You need atomic_thread_fence(mo_acquire)
before the 2nd load of the sequence number in the reader to make sure it doesn't happen earlier, before the memcpy finishes. And same for atomic_thread_fence(mo_release)
in the writer, after the first store before writing the data. Note that acquire / release fences are 2-way barriers, and do affect non-atomic variables1. (Despite misconceptions to the contrary, fences really are 2-way barriers, unlike acquire or release operations. Jeff Preshing explains and debunks the confusion)
See also Implementing 64 bit atomic counter with 32 bit atomics for my attempt at a templated SeqLock class. I required the template class T
to provide an assignment operator to copy itself around, but using memcpy
might be better. I was using volatile
for extra safety against the C++ UB we include. That works easily for uint64_t
but is a huge pain in C++ for anything wider, unlike in C where you can get the compiler to efficiently emit code to load from a volatile
struct into a non-volatile
temporary.
You're going to have C++ data-race UB either way (because C++ makes best efficiency impossible without UB: the whole point of a SeqLock is to let tearing potentially happen on data[]
, but detect that and never actually look at the torn data). You could avoid UB by copying your data as an array of atomic<unsigned long>
or something, but current compilers aren't smart enough to use SIMD for that so the access to the shared data would be inefficient. (And HW vendors fail to document Per-element atomicity of vector load/store and gather/scatter?, even though we all know that current CPUs do give that and future CPUs almost certainly will too.)
A memory barrier is probably sufficient, but it would be nice to do something to "launder" the value to make extra sure the compiler doesn't put another reload of the non-atomic data after the 2nd load. Like What is the purpose of glibc's atomic_forced_read function?. But as I said, I think atomic_thread_fence()
is sufficient. At least in practice with compilers like GCC, which treat thread_fence like asm("":::"memory")
that tells the compiler all values in memory might have changed.
Footnote 1: Maxim points out that atomic_thread_fence
may be sort of a hack because ISO C++ specifies things only in terms of barriers and release-sequences synchronizing with loads that see the value stored.
But it's well known how fences and acq/rel loads/stores map to asm for any given target platform. It's implausible that a compiler will do enough whole-program inter-thread analysis to prove that it can break your code.
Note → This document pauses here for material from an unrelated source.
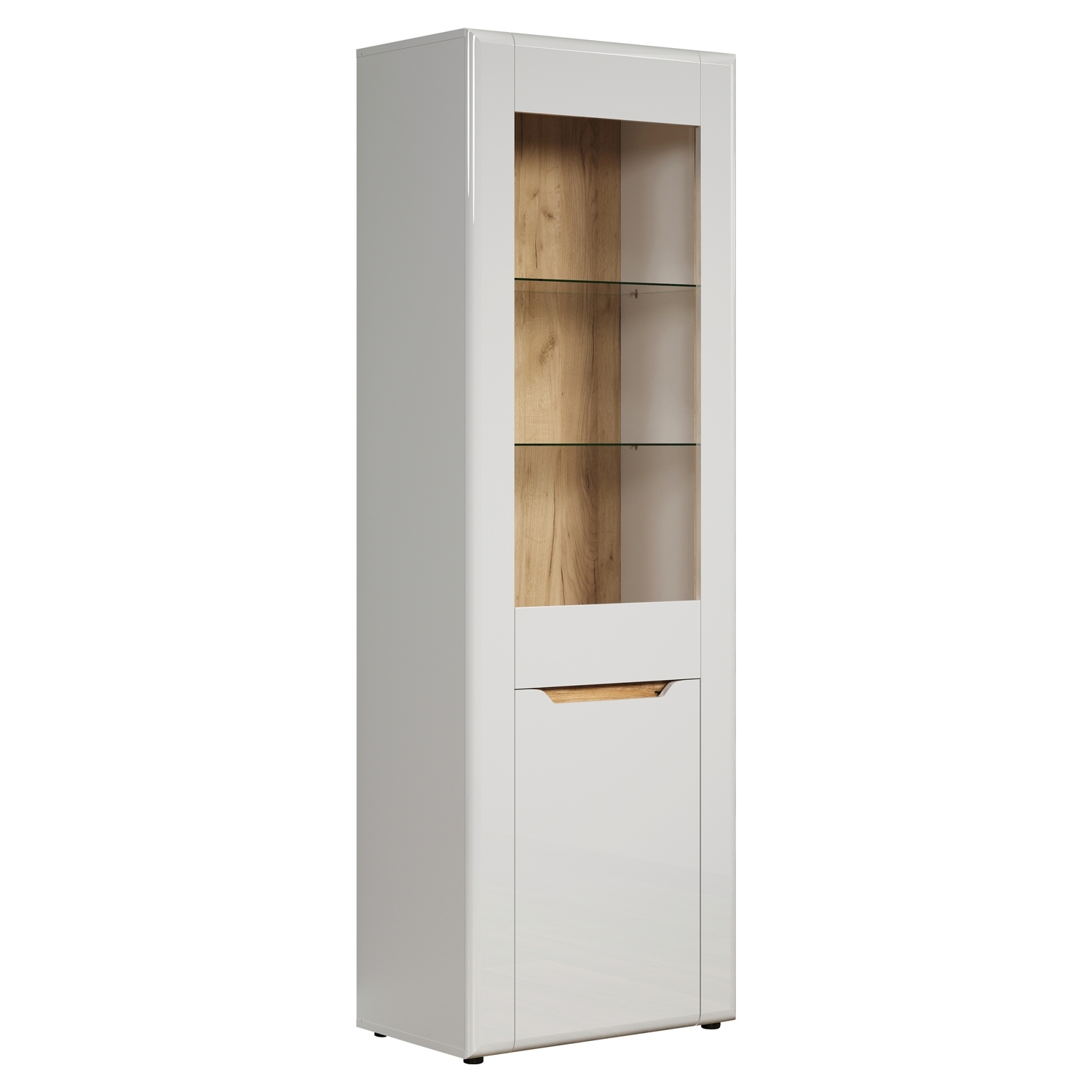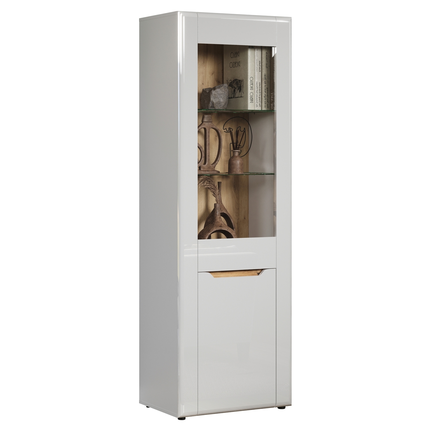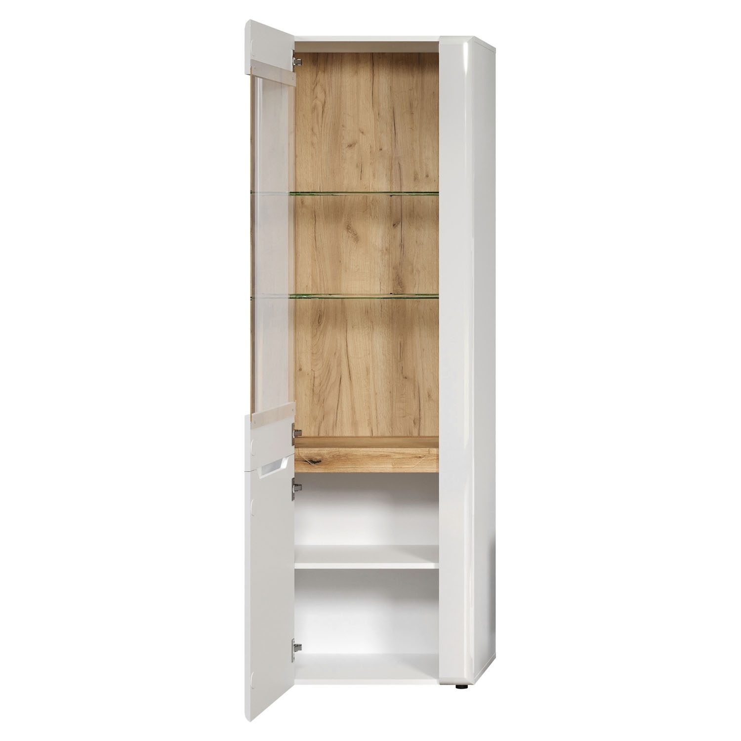 Die Vitrine in weiß Hochglanz mit Absetzungen in Evoke Eiche Dekor präsentiert sich als stilvolles Möbelstück für die Aufbewahrung und Präsentation. Mit einer Tür, die einen Glaseinsatz enthält, bietet sie einen transparenten Blick auf den Inhalt. Die Vitrine verfügt über 2 Glasböden, einen Einlegeboden und einen festen Boden für eine vielseitige und organisierte Präsentation von Dekorationsstücken oder persönlichen Gegenständen.

There might be an argument to be made in terms of the language used in the C++ standard about establishing happens-before relationships between the store of tmp+1
and at least some hypothetical reader. In practice that's enough to stop a compiler from breaking the writer: it can't know what code will be reading the data it's writing so it has to respect barriers. And probably the language in the standard is strong enough that a reader that sees an odd sequence number (and avoids reading data[]
) can avoid data-race UB, so there would be a valid happens-before relationship between an atomic store that has to stay ahead of some non-atomic stores. So I'm not convinced that there's any room for a malicious all-seeing compiler to not respect atomic_thread_fence()
there, let alone any real compiler.
In any case, you definitely do not want _mm_lfence()
on x86. You want the compiler barrier against runtime reordering, but you definitely do not want the main effect of lfence
: blocking out-of-order execution.Understanding the impact of lfence on a loop with two long dependency chains, for increasing lengths and Are loads and stores the only instructions that gets reordered?
i.e. you just want GNU C asm("":::"memory")
, aka atomic_signal_fence(mo_seq_cst)
. Also equivalent to atomic_thread_fence(mo_acq_rel)
on x86, which only has to block compile-time reordering to control runtime ordering, because the only runtime reording x86's strong memory model allows is StoreLoad (except for NT stores). x86's memory model is seq_cst + a store-buffer with store forwarding (which weakens seq_cst to acq/rel, and occasionally has other funky effects especially for loads that partially overlap a store).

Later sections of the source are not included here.